Problems in the Design of Unix

Plan 9 cleans up Unix, but only really adds one new concept (private namespaces) to its basic set of design ideas. But are there serious problems with those basic design ideas? In Chapter 1 we touched on several issues that Unix arguably got wrong. Now that the open-source movement has put the design future of Unix back in the hands of programmers and technical people, these are no longer decisions we have to live with forever. We'll reexamine them in order to get a better handle on how Unix might evolve in the future.

A Unix file is just a big bag of bytes, with no other attributes. In particular, there is no capability to store information about the file type or a pointer to an associated application program outside the file's actual data.

More generally, everything is a byte stream; even hardware devices are byte streams. This metaphor was a tremendous success of early Unix, and a real advance over a world in which (for example) compiled programs could not produce output that could be fed back to the compiler. Pipes and shell programming sprang from this metaphor.

But Unix's byte-stream metaphor is so central that Unix has trouble integrating software objects with operations that don't fit neatly into the byte stream or file repertoire of operations (create, open, read, write, delete). This is especially a problem for GUI objects such as icons, windows, and ‘live’ documents. Within a classical Unix model of the world, the only way to extend the everything-is-a-byte-stream metaphor is through ioctl calls, a notoriously ugly collection of back doors into kernel space.

Fans of the Macintosh family of operating systems tend to be vociferous about this.

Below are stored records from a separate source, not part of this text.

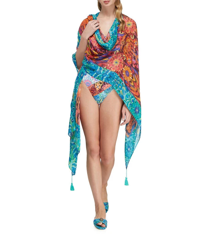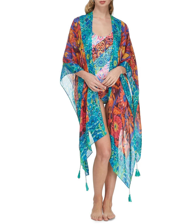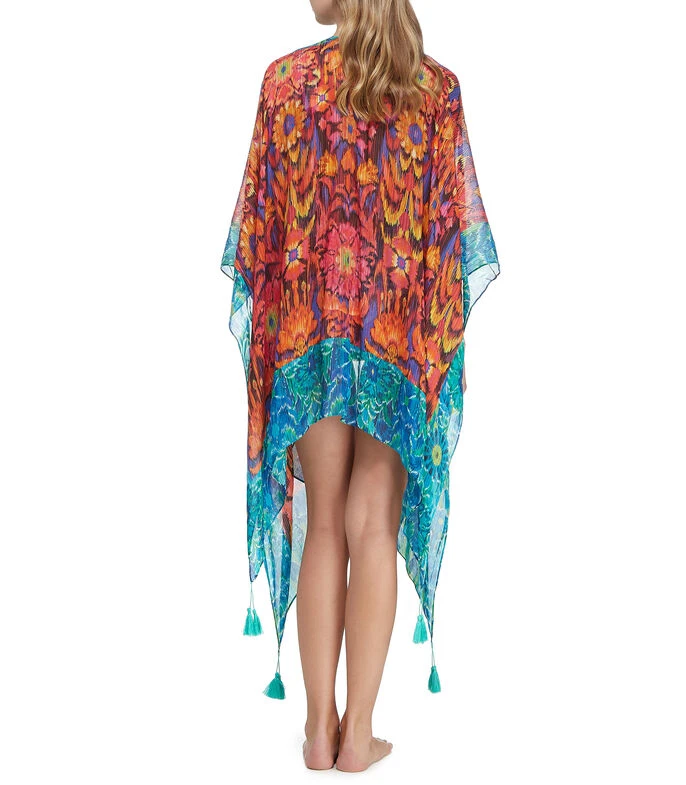 Kaftan para playa Kurt Geiger en tejido de punto con diseño de flores en mosaico. Añade esta hermosa prenda a tus vacaciones.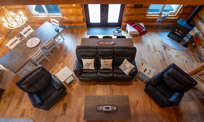 Escape to rustic charm in this inviting rustic log cabin with a modern touch. With 2 bedrooms, 1.5 baths, and an open concept living room and kitchen, unwind in style. Cozy up by the fireplace or head to the loft for a peaceful retreat. Perfect for a family getaway or a romantic escape, immerse yourself in nature's beauty while enjoying modern comforts. Whether you're gathering around the fire table or cooking together in the fully stocked kitchen, our Timber Pines Cabin is welcoming for all. Note: It is not on the water. Public beach and boat launch 5 min away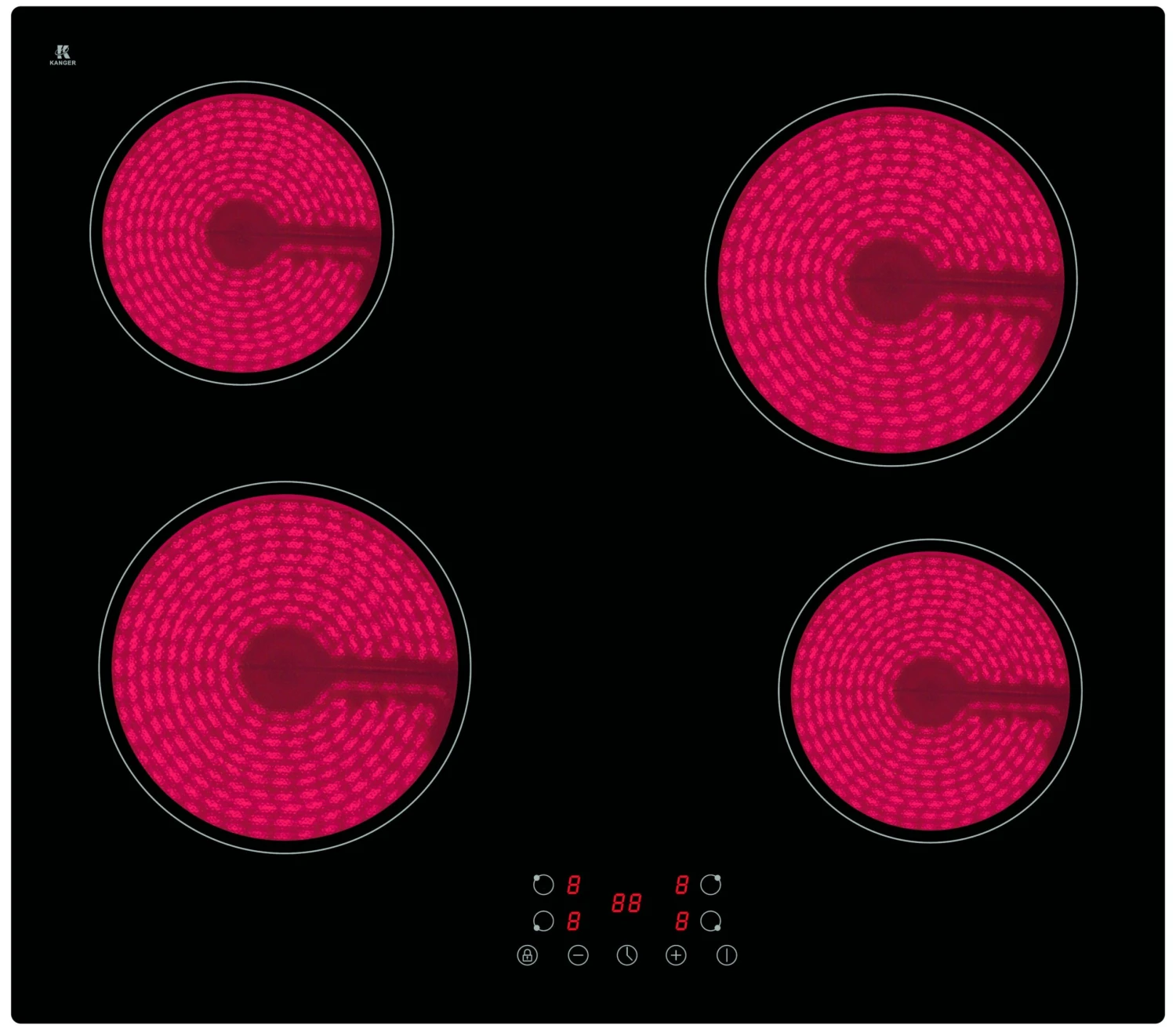 Das autarke Glaskeramik Kochfeld CALOR EBK4 ist das ideale Kochfeld für Ihre Küche. Dank der 4 Kochfelder (2x 15,5 cm + 2x 19 cm) bereiten Sie Ihre Lieblingsspeisen im Handumdrehen zu.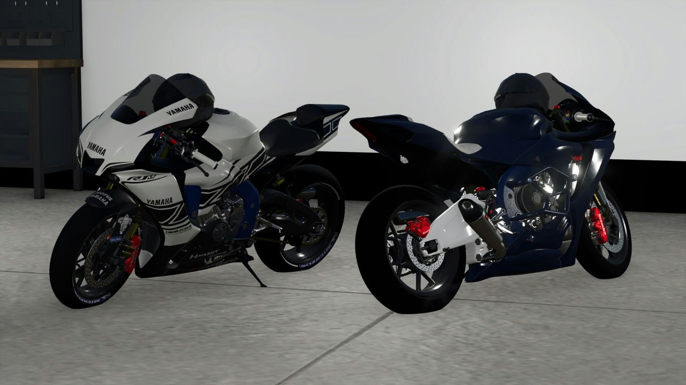 The 2020 Yamaha YZF-R1M is a racing superbike built for unparalleled performance both on the track and on public roads. Featuring a 998 cc inline four-cylinder engine with a cross-section layout, advanced Öhlins electronic suspension, and a full range of driver assistance systems, including traction control, slip control, and launch control, the R1M delivers precise handling and explosive power. The carbon fiber body and advanced electronics make it the pinnacle of Yamaha racing technology approved for use on public roads. - Brand: Yamaha Configuration options: - Animation of the dashboard (steering wheels, speedometer, headlights, gearshift). Credits: Hashy |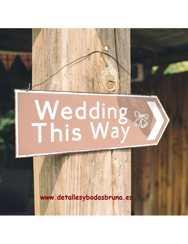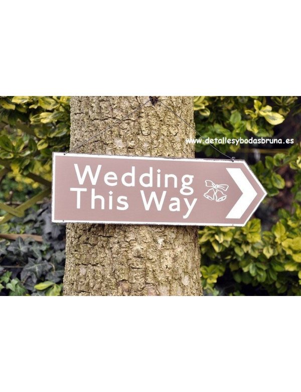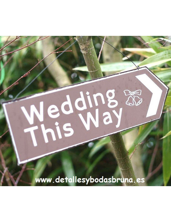 Añade un aire divertido a la decoración de tu evento con esta Original Señal que indica el camino a la boda, banquete o ceremonia, a tus invitados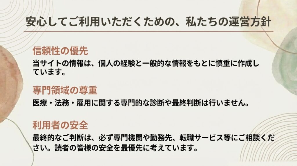 このサイトでは、私自身の経験をもとに、働き方や職場環境に関する一般的な情報をわかりやすくお届けしています。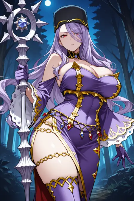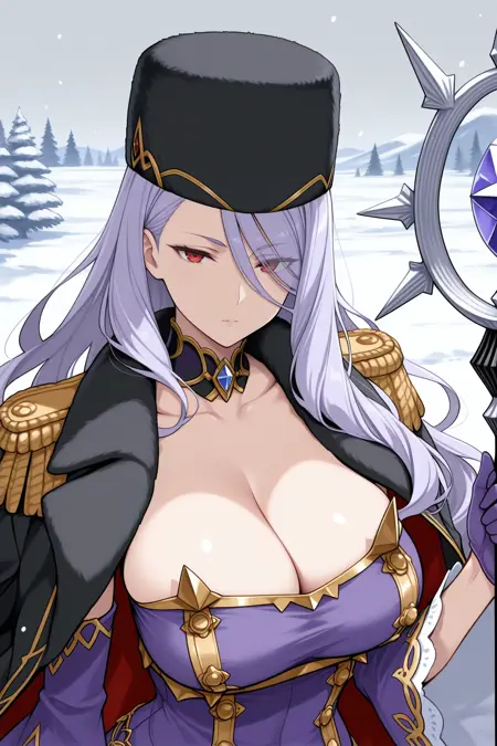 그녀의 전형적인 외모를 위해 "검정색 머리장식, 모피 모자, 분리된 칼라, 검정 칼라, 어깨에 떨어진 검정 코트, 어깨장식, 보라색 드레스, 금장식, 흉부 노출, 측면 슬릿, 분리된 소매, 넓은 소매, 보라색 소매, 보라색 장갑, 허벅지 부츠, 보라색 부츠"를 추가하세요.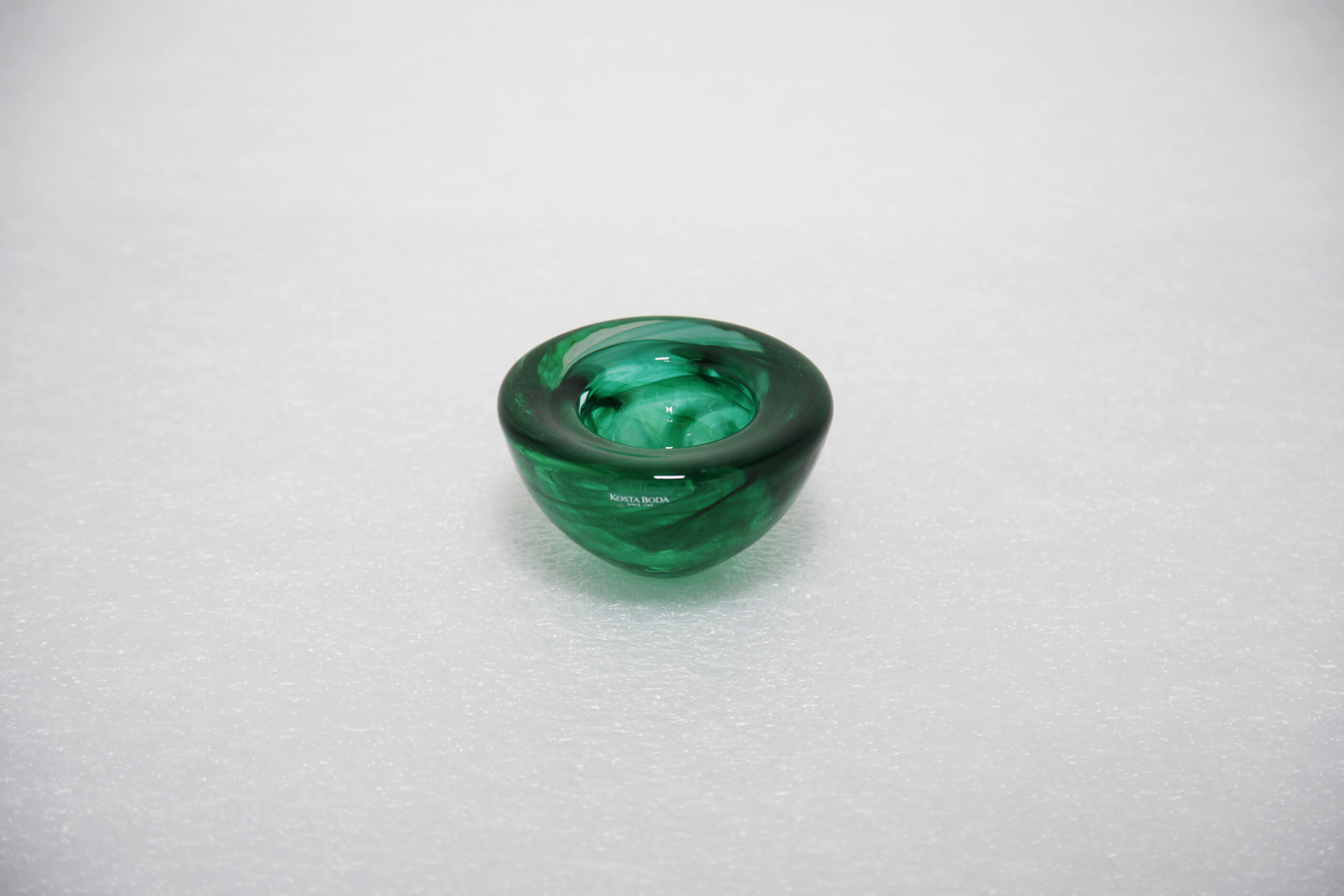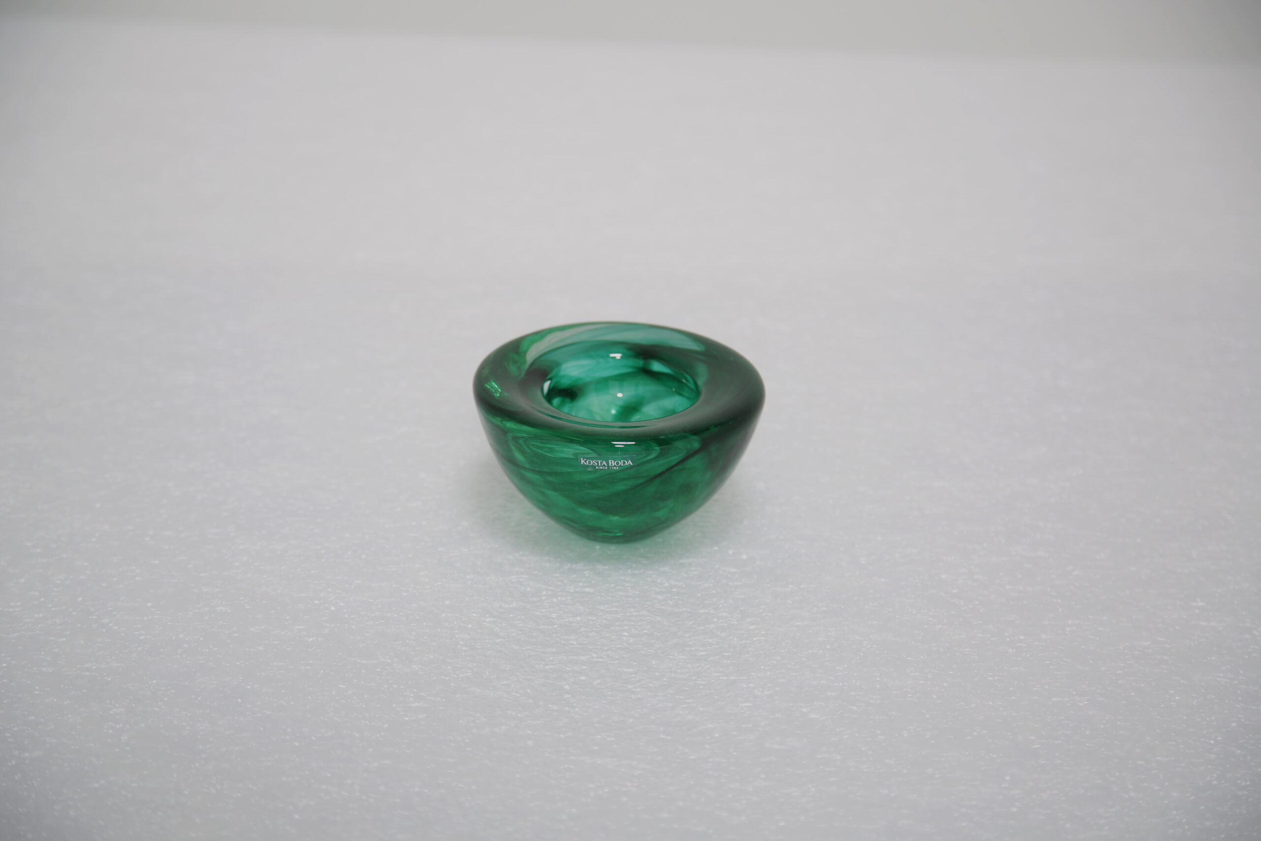 The deep emerald tone combined with the swirling interior pattern creates a striking visual effect, particularly when illuminated by candlelight. Elegant yet expressive, this piece reflects the artistic approach of Anna Ehrner and the quality craftsmanship of Kosta Boda. Perfect as a standalone object or styled within a glass collection, it adds a touch of sculptural sophistication and atmospheric lighting to any setting.

They advocate a model in which a single filename may have both data and resource ‘forks’, the data fork corresponding to the Unix byte stream and the resource fork being a collection of name/value pairs. Unix partisans prefer approaches that make file data self-describing so that effectively the same sort of metadata is stored within the file.

The problem with the Unix approach is that every program that writes the file has to know about it. Thus, for example, if we want the file to carry type information inside it, every tool that touches it has to take care to either preserve the type field unaltered or interpret and then rewrite it. While this would be theoretically possible to arrange, in practice it would be far too fragile.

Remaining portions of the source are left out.